START Records provided

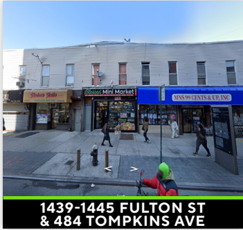
1439-1445 FULTON ST & 484 TOMPKINS AVE
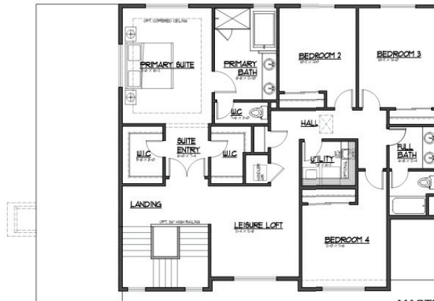
UPPER LEVEL FLOOR PLAN
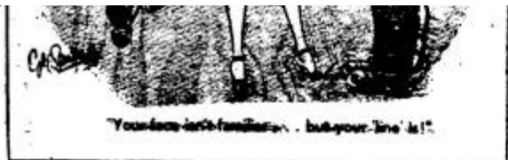
"You're not familiar... but your line is!"
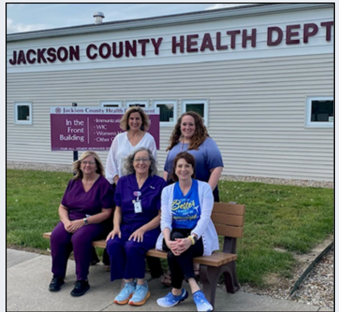
NURSES WEEK MAY 2023
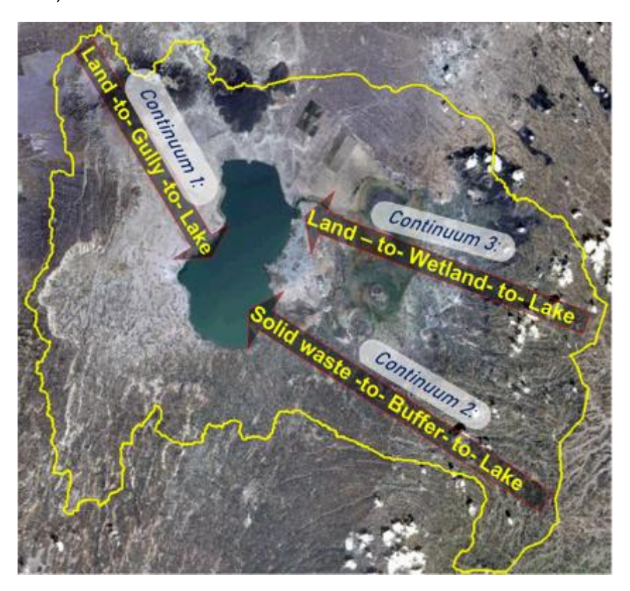
Figure 2 Typical source-to-lake continuum charaterising sediment flow into Lake Hawassa

Whilst the sources of sediments are widespread, Belete (2019) noted three key continuums in terms of sediment flows into Lake Hawassa: Continuum 1: Source-Gully-Lake, Continuum 2: Source-Urban Lake, and Continuum 3: Source-Lake Cheleleka-Lake Hawassa.
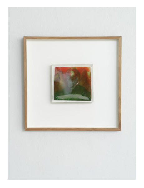
XANTHE SCOUT LARDNER-BURKE Tree\ Lantern,\ 2024 Water-based substrates on rice paper on draft film in uv protected epoxy resin 12\times13\ cm Framed: 28.5\times29.5\times3.5\ cm ZAR 12,000
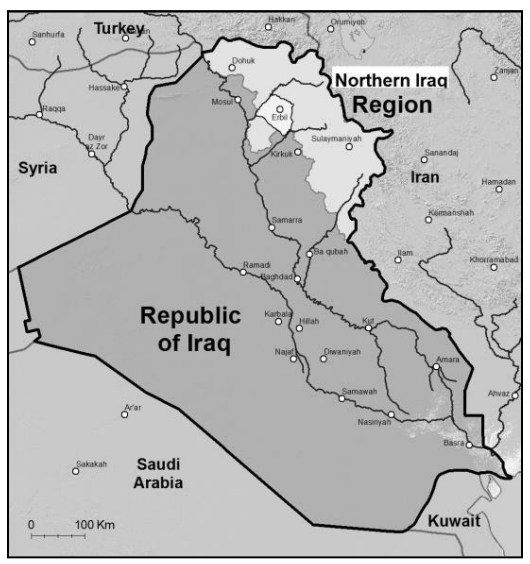
Figure 2. Northern Iraq Map

Those four governorates cover approximately 40,000 square kilometers which is larger than the Netherlands, Bahrain, and four times the area of Lebanon. This include the governorates administered by KRG, but does not contain areas of Kurdistan outside of KRG administration, such as Kirkuk (Soderberg, and Phillips, 2015).
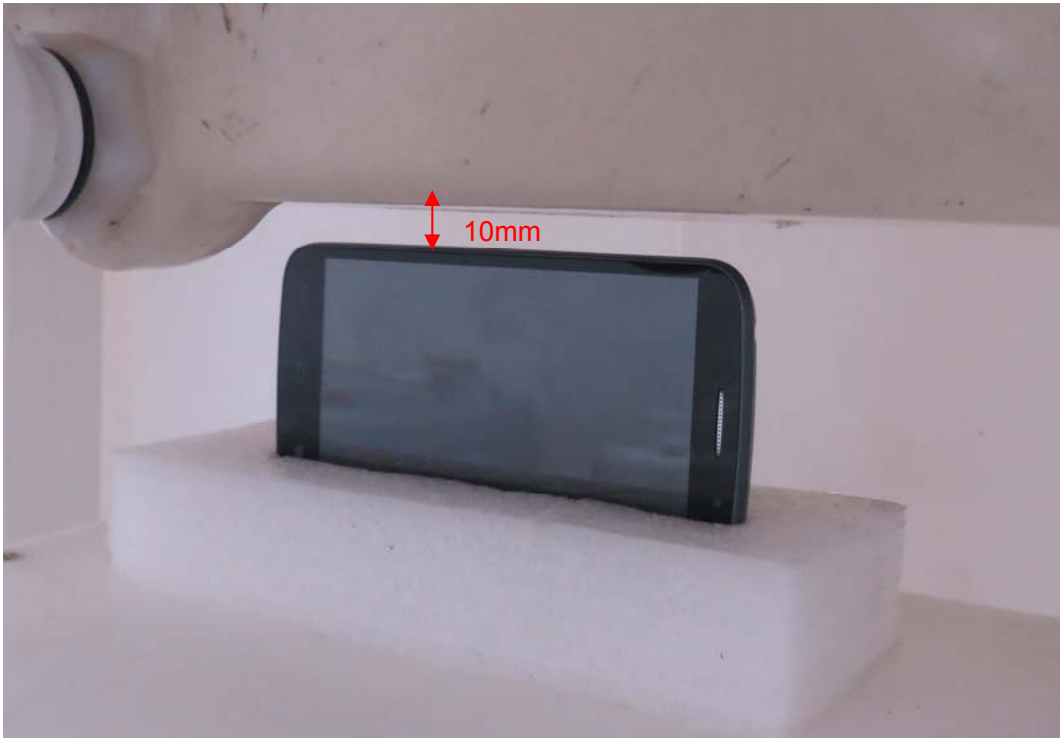
Picture 19: Left Edge, the distance from handset to the bottom of the Phantom is 10mm
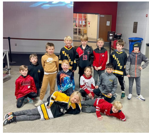
Mites before their Mighty Mite Skate before the WI Badger Game
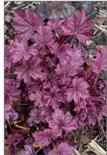
Wild Rose Coral Bells foliage
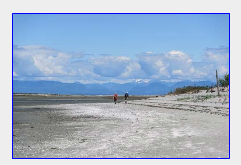
Wide open beaches and great view to the coastal mountains
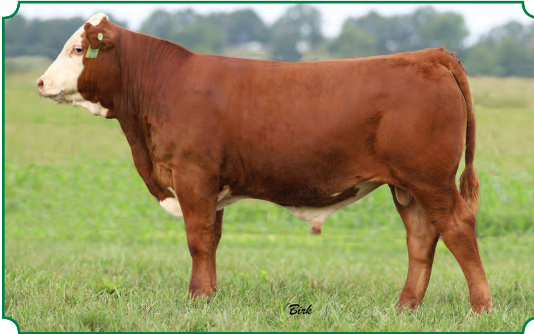
Lot 25--LJR MSU 392E Lennon 168L
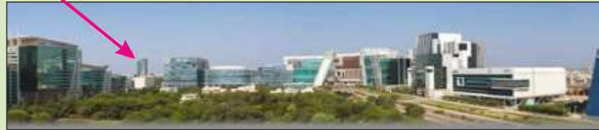
Cyber City (SEZ) Gurgaon-2014

END Records provided

[Instructions for the task] Omit the pictures. Transcribe word for word the lines from the one containing "Wild Rose Coral Bells foliage" through the end of the listing, inclusive.

[Task answer]
Wild Rose Coral Bells foliage
Wide open beaches and great view to the coastal mountains
Lot 25--LJR MSU 392E Lennon 168L
Cyber City (SEZ) Gurgaon-2014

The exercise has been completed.